Когда я поступил в институт, задавал себе вопросы: «Есть Луспекаев, Даль, Высоцкий, Борисов, Филатов, а ты куда лезешь?» И сам себе отвечал: каждый из этих артистов неповторим как личность. Надо делать себя в этой жизни, быть нормальным мужиком, научиться совершать поступки, любить…
Что касается любви, в юности я был романтиком: сексуальные отношения не являлись самоцелью, поцеловаться уже было за счастье. В мечтах: если появится женщина, то будет единственная и непременно жена. Писал стихи, много стихов… А в результате я женился четыре раза, потакая желанию женщин. Мне долгое время казалось, что для мужчины это поступок, доказывающий уважение к даме. Хотя первый раз, как и все, я полагал, что навсегда…
С Алисой мы встречались три года, потом расписались и прожили еще четыре. Отношения себя изжили. И я переживал, но не потому, что теряю человека, а потому, что мое мужское самолюбие было задето: как это так, меня бросили? Это я должен был бросить! В общем, мой театр закрылся, брак распался, и я решил вернуться в Москву.
— За несколько лет до этого вы сыграли в картине «Меня зовут Арлекино». Фильм обошел западные фестивали, компания 20th Century Fox купила картину для мирового проката. А как изменилась ваша жизнь?
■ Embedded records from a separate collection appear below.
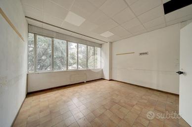 Al P.T.: ingresso, n. 2 uffici, vano scala, antibagno, n. 2 servizi.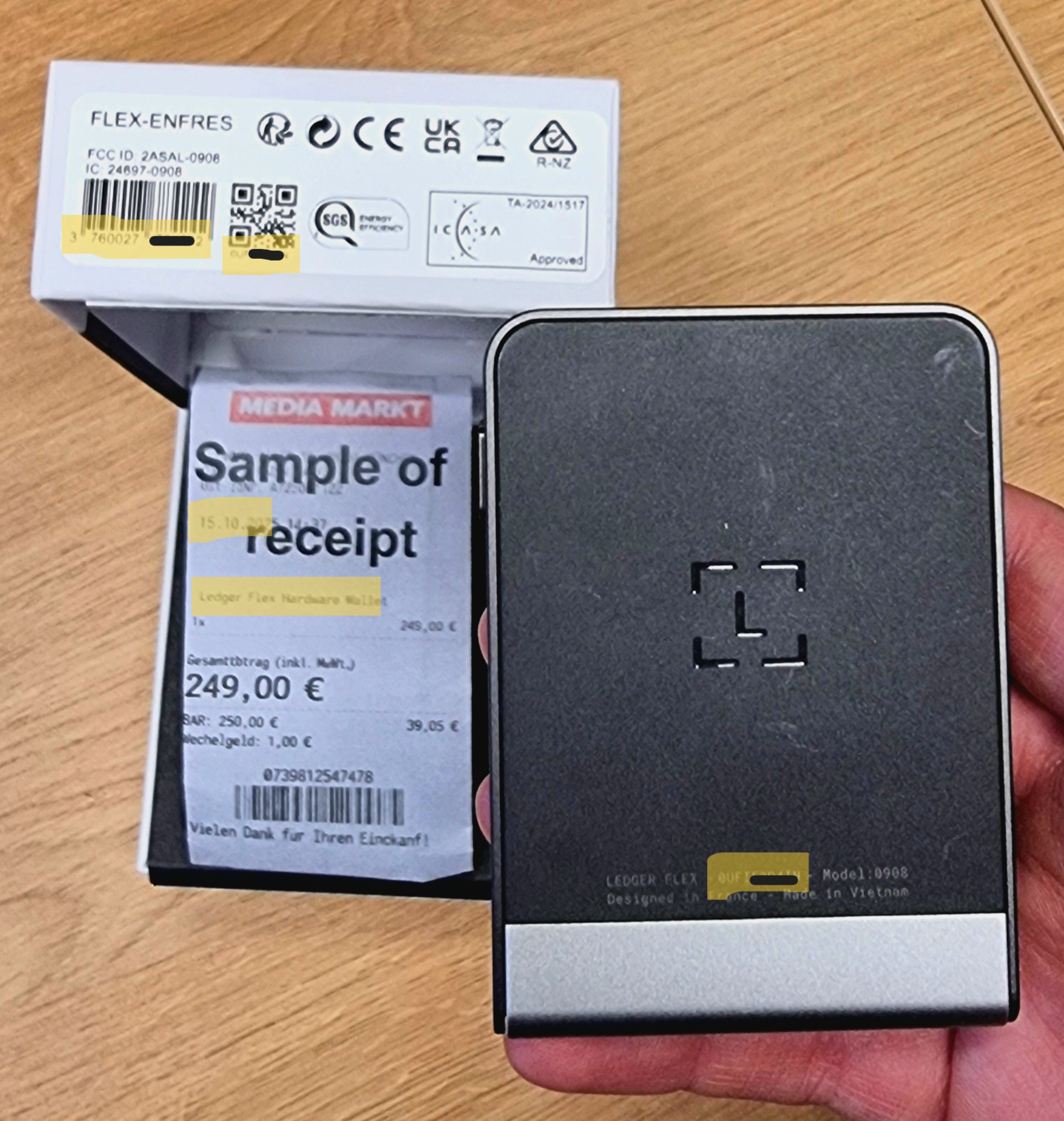 - The receipt of payment highlighting the purchase date, the retailer and the product purchased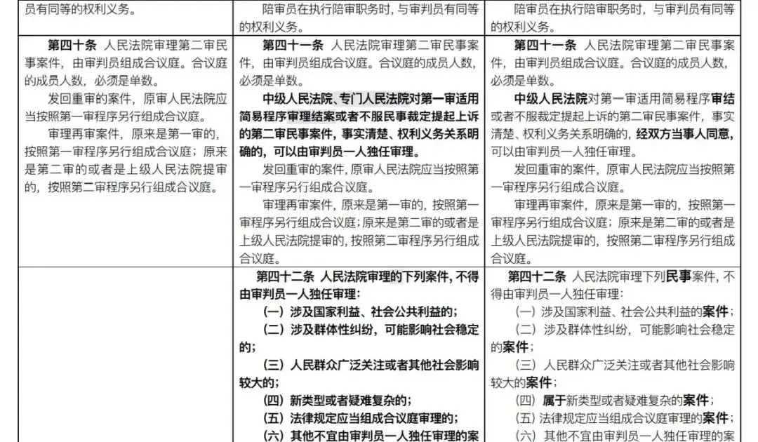 三、将第四十条改为第四十一条,增加一款,作为第二款:“中级人民法院对第一审适用简易程序审结或者不服裁定提起上诉的第二审民事案件,事实清楚、权利义务关系明确的,经双方当事人同意,可以由审判员一人独任审理。”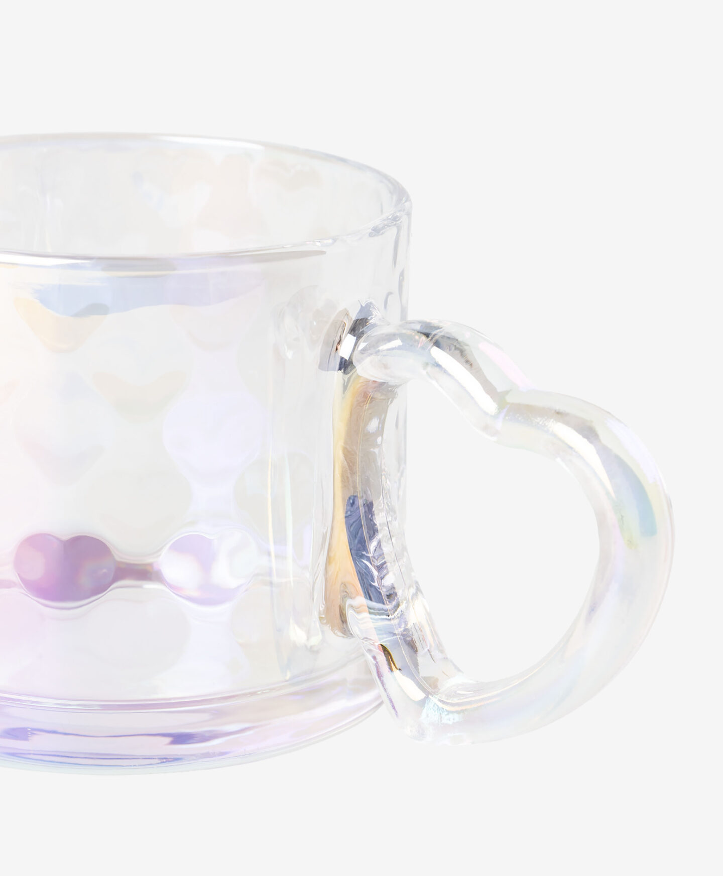 Taza de cristal con asa en forma de corazón, ideal para café o té. El efecto holo le da un toque original y decorativo. El diseño del asa aporta un aire romántico a cada bebida.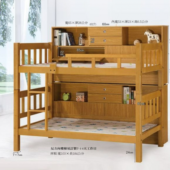C145-1 白木方柱3.5尺雙層床(全組 615-617*2 含邊櫃*2)$24000 C145-2白木方柱3.5尺雙層床(不含邊櫃)$12000 C145-3 赤陽色床邊櫃(單只 全木心板貼赤陽色玻麗漆)$6100

— На меня был выписан «волчий билет» — у режиссеров я оказался под запретом «за несоциалистический способ существования в кадре». А ведь всегда был далек от политики. Вся эта история — абсолютный фатум, начиная с того, как я получил главную роль…
Жена Валерия Рыбарева увидела меня в спектакле «Крестики-нолики», и я поехал на пробы в Минск. Потом с рижским театром возвращался с первых зарубежных гастролей и на вокзале в Бресте встретил Юрия Щекочихина — он как раз вез спектакль «Ловушка 46, рост второй», по которому снимался «Арлекино». Нас познакомил Шапиро. «Таких совпадений не бывает, — сказал Щекочихин. — А ты в курсе, что прототип главного героя живет в Тамбове и знает тебя лично?» Короче, собрались три фаталиста, и получилось кино. Правда, когда я увидел результат, возникло ощущение, будто со мной что-то сделали без моего ведома. «Арлекино» год пролежал на полке.
После подпольного показа в «Литературной газете» я в темноте спускался по лестнице под руку с Ией Саввиной. Она спрашивала режиссера: «Валерочка, где ты нашел этого мальчика?» Я же любил косить под дурачка: «А вам что, понравилось кино?» Она погладила меня по плечу: «Деточка, успокойся, это будет твоя «Дама с собачкой». И действительно, через год вокруг кинотеатров стояли очереди в два кольца. Я впервые получил процент от проката — 1,5 тысячи рублей, огромные деньги. После премьеры в Минске журналисты меня спросили: «Как вам фильм?» Я сказал: «Никак». И тогда меня вычеркнули из всех поездок: нельзя говорить режиссерам, что у них не получилось. А «Арлекино» уже без меня прокатили по всему миру.
Потом я еще 5 лет сидел в Риге, и ни один журналист ко мне не приехал. Первое интервью на телевидении со мной сделал Сергей Жигунов, он поднял вопрос: «Почему вокруг актера 5 лет вакуум молчания?» Мы с ним встретились на фестивале в Смоленске, куда я попал с фильмом «Стервятники на дорогах». Там мне должны были вручить 3 приза, но в последний момент запретили это делать. На дворе уже стоял 90-й, казалось бы… Тогда Жигунов вышел на сцену и заявил, что предлагает мне роль, назвал какой-то немыслимый гонорар. Это был поступок.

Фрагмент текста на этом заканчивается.